Your goal -
With the pictures omitted, repeat exactly the lines below starting with the line that has "1. Pengertian Zero" and going on through the line that has "SK네트웍스는 서울 종로구에".
[[ Given entries, beginning ]]
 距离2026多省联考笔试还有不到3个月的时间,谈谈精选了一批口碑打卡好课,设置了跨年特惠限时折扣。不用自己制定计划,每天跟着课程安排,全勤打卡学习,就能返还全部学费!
[[ Given entries, end ]]
[[ Given entries, beginning ]]
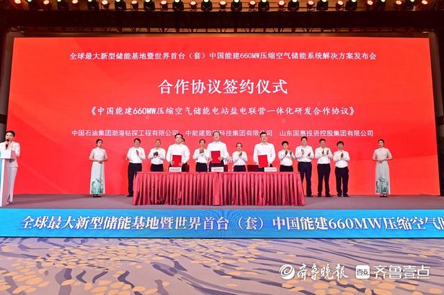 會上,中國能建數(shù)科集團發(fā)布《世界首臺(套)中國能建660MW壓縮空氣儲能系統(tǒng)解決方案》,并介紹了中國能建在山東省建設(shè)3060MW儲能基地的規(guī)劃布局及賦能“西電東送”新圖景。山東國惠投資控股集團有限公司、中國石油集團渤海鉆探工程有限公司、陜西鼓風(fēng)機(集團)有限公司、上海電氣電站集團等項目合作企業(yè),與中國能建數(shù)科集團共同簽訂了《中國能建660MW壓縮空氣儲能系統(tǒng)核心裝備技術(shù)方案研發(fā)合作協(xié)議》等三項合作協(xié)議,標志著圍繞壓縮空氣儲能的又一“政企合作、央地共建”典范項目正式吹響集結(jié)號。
[[ Given entries, end ]]
[[ Given entries, beginning ]]
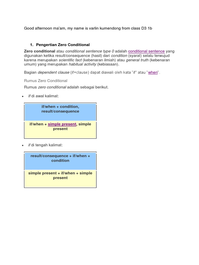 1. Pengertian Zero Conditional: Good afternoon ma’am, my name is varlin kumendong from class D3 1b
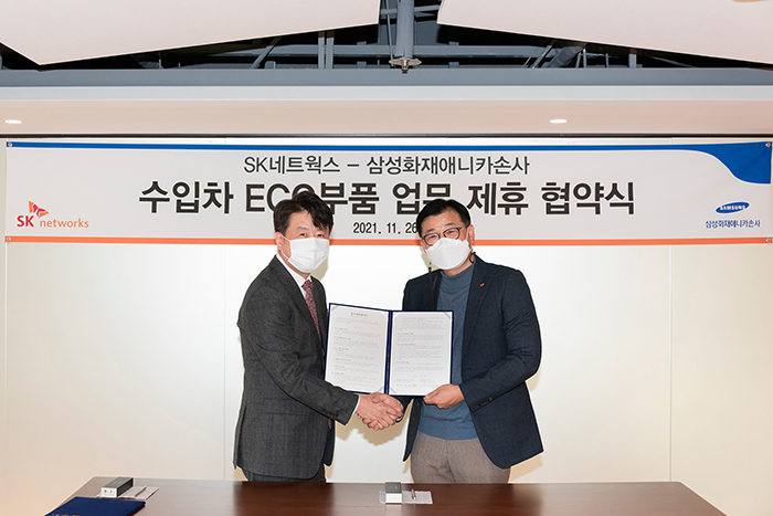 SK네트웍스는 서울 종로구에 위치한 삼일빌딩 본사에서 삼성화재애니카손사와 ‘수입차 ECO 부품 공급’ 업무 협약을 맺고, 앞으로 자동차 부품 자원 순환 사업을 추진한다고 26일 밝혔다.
[[ Given entries, end ]]
Solution for this exercise -
 1. Pengertian Zero Conditional: Good afternoon ma’am, my name is varlin kumendong from class D3 1b
 SK네트웍스는 서울 종로구에 위치한 삼일빌딩 본사에서 삼성화재애니카손사와 ‘수입차 ECO 부품 공급’ 업무 협약을 맺고, 앞으로 자동차 부품 자원 순환 사업을 추진한다고 26일 밝혔다.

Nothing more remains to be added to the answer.